Without a service mesh, you can approximate canary deployments using the Kubernetes Deployment's maxSurge and maxUnavailable, but you don't get percentage-based traffic splitting. You get "some pods are new, some are old, and the load balancer distributes randomly." It works, but it's less controlled.

Argo Rollouts

If you want canary without Istio, Argo Rollouts is the answer:

apiVersion: argoproj.io/v1alpha1
kind: Rollout
metadata:
  name: order-service
spec:
  strategy:
    canary:
      steps:
        - setWeight: 5
        - pause: { duration: 5m }
        - setWeight: 25
        - pause: { duration: 5m }
        - setWeight: 50
        - pause: { duration: 10m }
        - setWeight: 100
      canaryService: order-service-canary
      stableService: order-service-stable

Argo Rollouts replaces the Deployment resource and adds canary logic with automated analysis. It integrates with Prometheus for automated rollback based on metrics.

A/B Testing: Not the Same as Canary

Canary is about risk reduction - gradually rolling out a new version. A/B testing is about experimentation - showing different versions to different users and measuring business outcomes.

The implementation looks similar (traffic splitting), but the intent is different. With A/B testing, you typically route based on user attributes (header, cookie, user ID hash), not random percentage:

http:
  - match:
      - headers:
          x-user-group:
            exact: "experiment-a"
    route:
      - destination:
          host: order-service
          subset: variant-a
  - route:
      - destination:
          host: order-service
          subset: variant-b

You need consistent routing - the same user should always see the same variant for the duration of the experiment. This is harder than it sounds when you have multiple layers of load balancing.

The Database Problem

Here's where deployment strategies get truly painful. Your code is stateless and easy to version. Your database is stateful and shared between old and new versions during the transition.

The rule: database migrations must be backward-compatible with the previous version of the code.

This means:

Adding a column: fine. Old code ignores it.

Removing a column: do it in two releases. First release: stop using the column in code. Second release: drop the column.

Renaming a column: add the new column, backfill data, update code to use the new column, drop the old column. Three releases minimum.

Changing a column type: same multi-step dance.

Tools like Flyway and Liquibase manage the migration execution, but they don't make backward-compatible migrations automatic. You have to design them that way.

-- V1: Add new column (backward-compatible)
ALTER TABLE orders ADD COLUMN customer_email VARCHAR(255);

-- V2: Backfill data (backward-compatible)
UPDATE orders SET customer_email = (
  SELECT email FROM customers WHERE customers.id = orders.customer_id
);

-- V3: Application now reads from customer_email instead of joining

-- V4: Drop the old join dependency (only after V3 is fully deployed)

The expand-and-contract pattern.
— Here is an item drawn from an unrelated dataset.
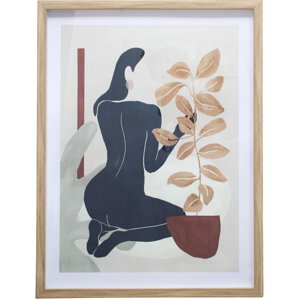 The modern human society has increasingly continued to advocate the planting of trees and growing of various plants so as to negate the effects of global warming. Aside the environmental benefit, we Australians in particular love to have our very own garden or at least keep some plants especially flowers around our environment. It is this same modern culture that this Framed Print Modern Figure portrays in an aesthetically charged manner. The canvas painting features a modern woman kneeling down beside a potted plant while tending to the plant.

It's tedious but it's the only way to do zero-downtime deployments with schema changes.

Rollback Strategies

Blue-green rollback: flip the selector. Done.
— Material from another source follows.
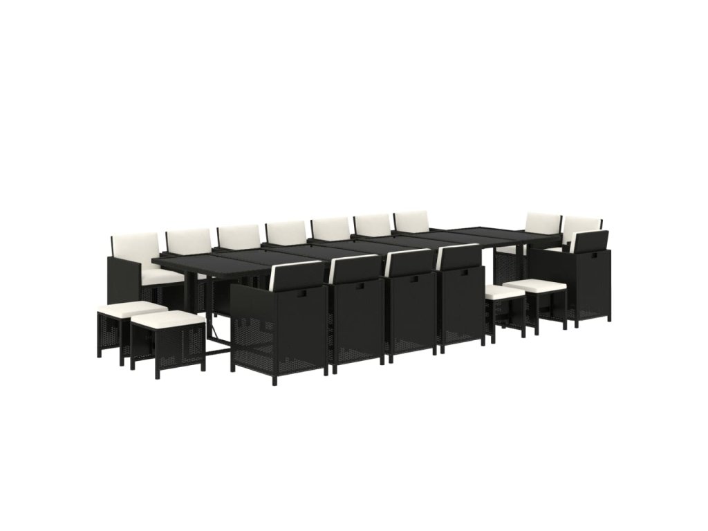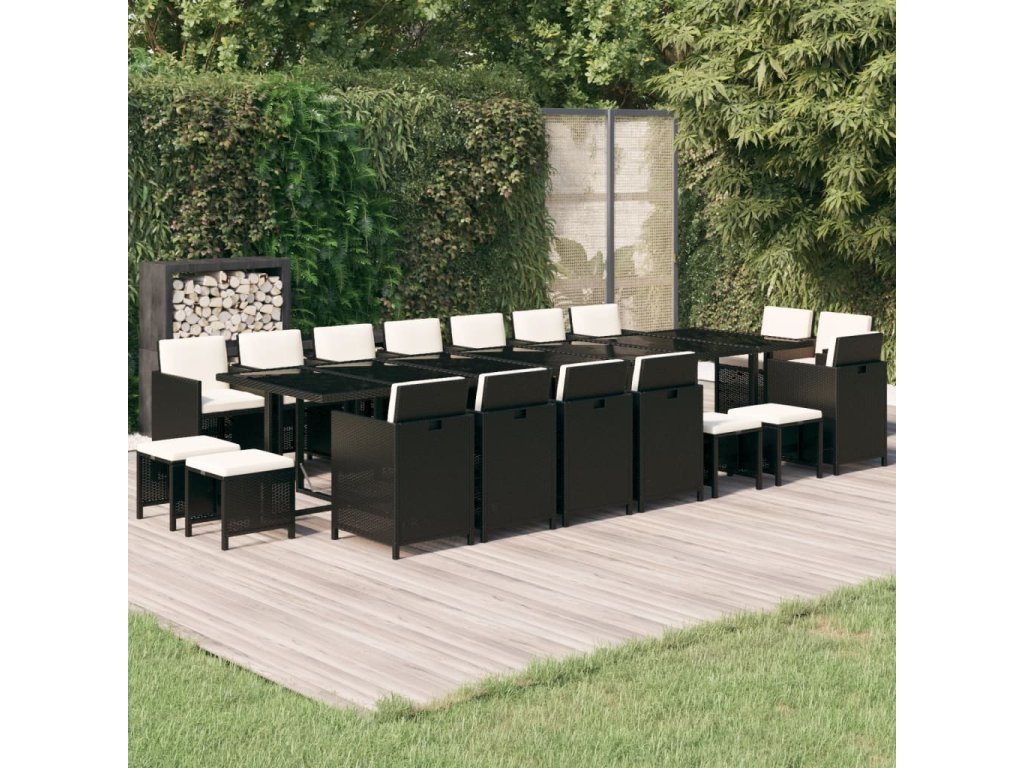 19dílný zahradní jídelní set s poduškami polyratan černý 3095642

Canary rollback: set weight to 0 for canary, 100 for stable. Done.

Rolling update rollback: kubectl rollout undo deployment/order-service. Also done, but slower because it has to roll pods back.
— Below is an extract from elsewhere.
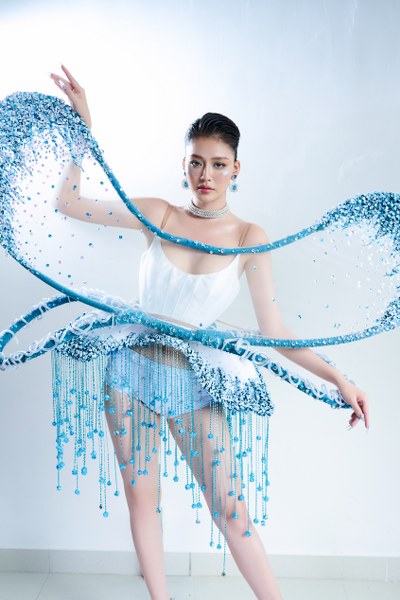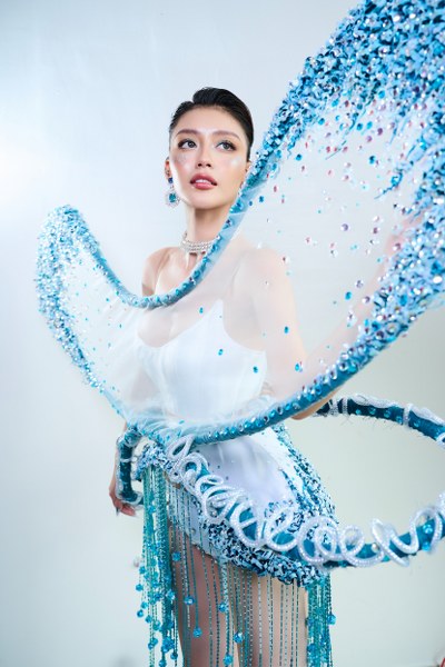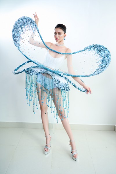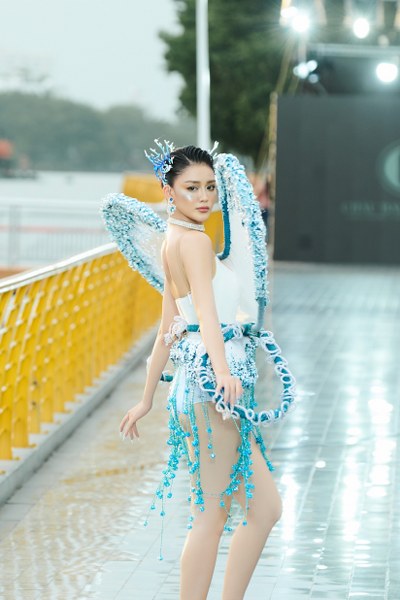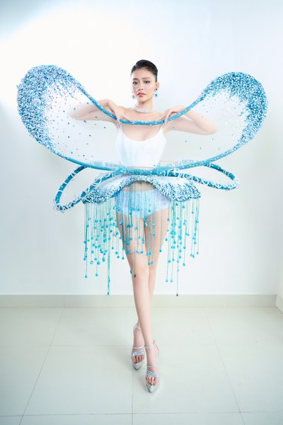 Điểm nhấn của trang phục chính là chiếc cánh đính đá màu xanh nước biển. Chiếc cánh được đeo phía trước khiến nàng hậu trông ấn tượng và nổi bật hơn.

Database rollback: this is the hard one. If your migration added a column, rolling back the code is fine - the column sits there unused. If your migration deleted data, you're restoring from backup.

My advice: never make destructive database changes in the same release as code changes. Separate them. Make the code change, verify it works, then make the schema cleanup in a later release.

The Practical Setup

For most teams, I recommend:

  1. Rolling updates for routine deployments (most changes are low-risk)
  2. Canary via Argo Rollouts for anything touching critical paths
  3. Blue-green for major version changes or infrastructure migrations
  4. Expand-and-contract for all database migrations
  5. Feature flags for anything that needs instant rollback without redeployment

The deployment strategy should match the risk level of the change. Not everything needs a canary. But the database migration that touches every row in your orders table? That needs every safety net you can find.